Another 3-litre car I took the opportunity of driving was a V6 Ford engined Marcos. Strange how popular the 3-litre capacity has always been; what a pity “Baladeur” is no longer writings for Motor Sport, for I feel he could produce a most interesting reason for this. [They are no longer “80-bore,” however.—Ed.] Think of the 3-litre Ballot, the 3-litre Bentley, the 3-litre Sunbeam, the 3-litre Lagonda, the 3-litre Invicta, the 3-litre Maserati, the 3-litre Mercedes-Benz SLR, the present 3-litre Grand Prix Formula, and all the 3-litre Prototype cars. It has always been a good round capacity figure. While trying the 3-litre V6 Ford-engined Marcos (of which more next month) I went up to Norfolk to visit Lotus, and did mention the idea of a 3-litre Lotus Europa, but there is nothing doing. Colin Chapman’s Lotus Empire on his own private aerodrome really is rather splendid, and well worth a visit; they are completely self-contained with their own runways and an L-shaped test track using the runways and the perimeter track. The whole factory exudes youth and vitality and a motoring atmosphere that I have never been conscious of in our Motoring Midlands, where the heart of the industry used to be. The black tyre marks away from the main gate of the factory occasions no surprise; they are those sort of people up in Lotus Land.

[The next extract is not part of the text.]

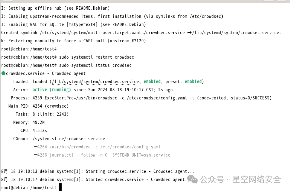 安装过程很短1分钟吧,您可以通过以下命令检查 CrowdSec 是否正常运行,并查看其当前的安全状态: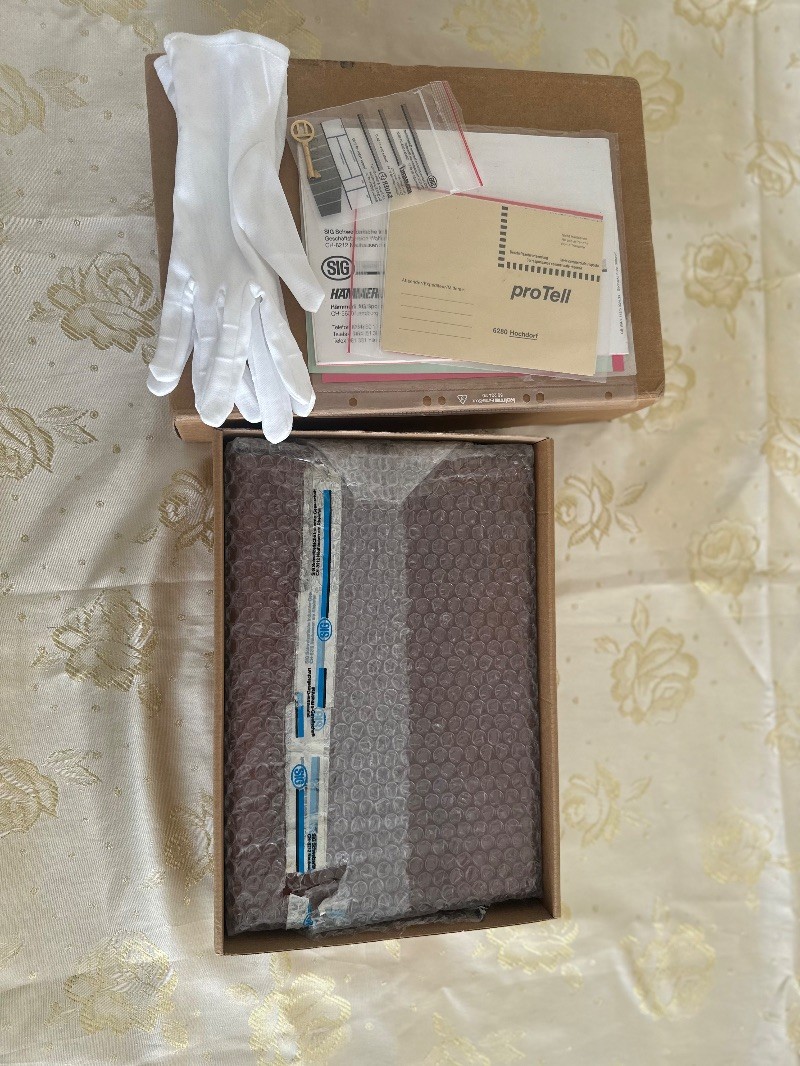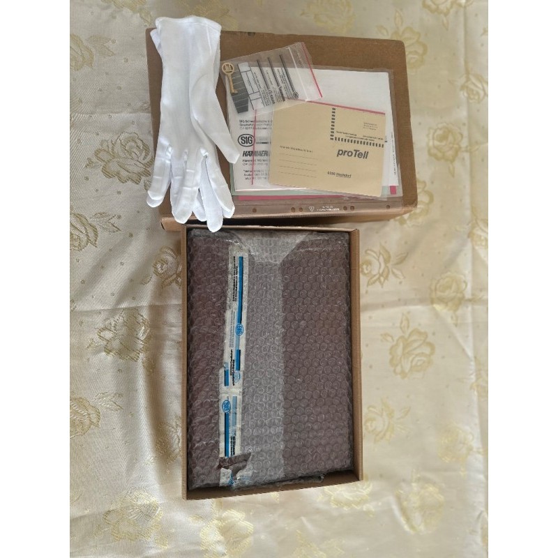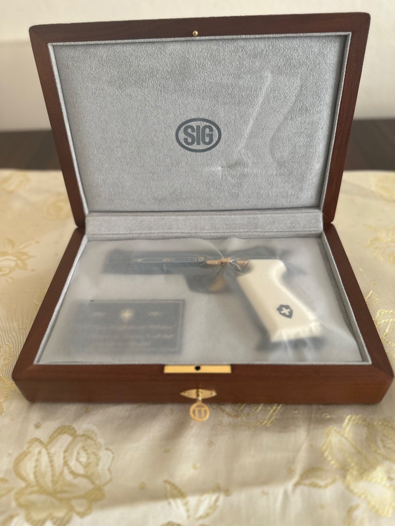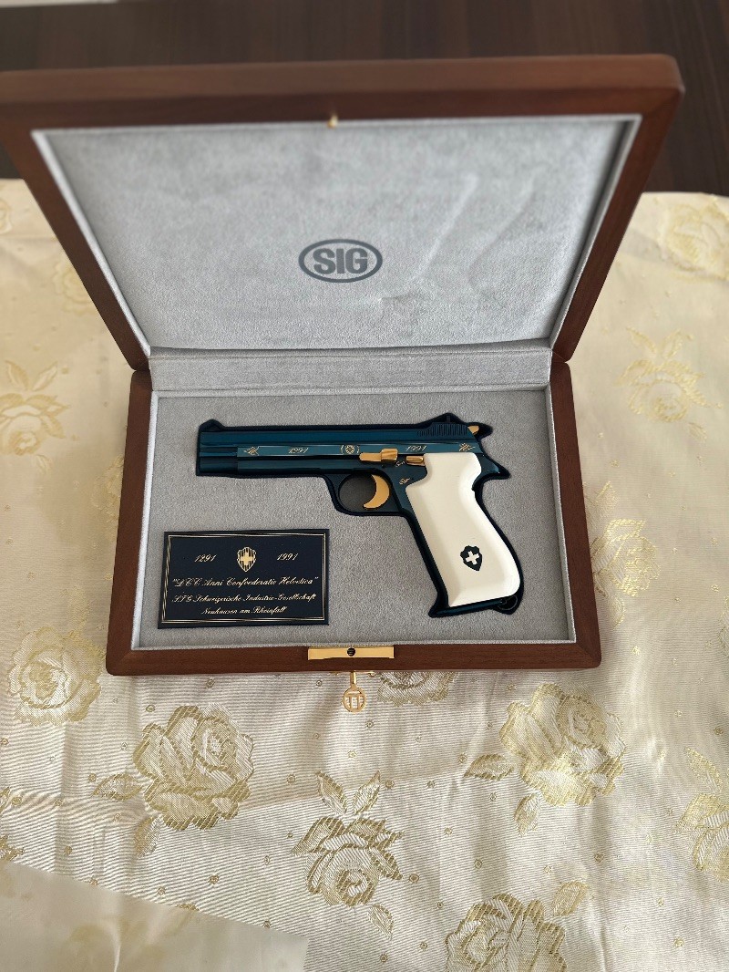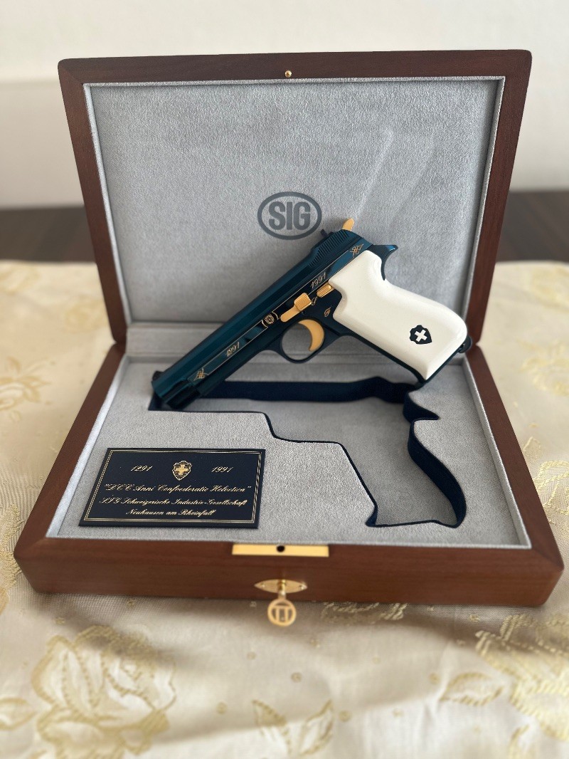 Özel seri SIG P210 Blue Helvetica.1991 yılında İsviçre devletinin kuruluşunun 700.yılına özel olarak sınırlı sayıda üretilmiş olup, şuanda üretimi bulunmamaktadır.Hiç ateş edilmemiş , sürgüsü çekilmemiş , şarjörü çıkarılmamış ve emniyet mandalı düşürülmemiştir.İlk günkü orijinalliğini korumaktadır.En ufak çizik yoktur.Orjinal ceviz kutusu kartonu ve stickerları bulunmaktadır.Ruhsat şartlarına haiz kişilerin araması önemle rica olunur.

It would have been nice to be able to say that I finished up my “holiday weekend” with a ride on a 3-litre motorcycle! What I tried to do was to borrow a 3-cylinder motorcycle from Triumph, but somebody “threw it up the road” before I could get my hands on it, so I had to borrow an awful old-fashioned vertical-twin B.S.A. Lightning, brand new in build but so dated in conception and completely lacking in character. I wonder what happened to all the good motorcycle designers?—D. S. J.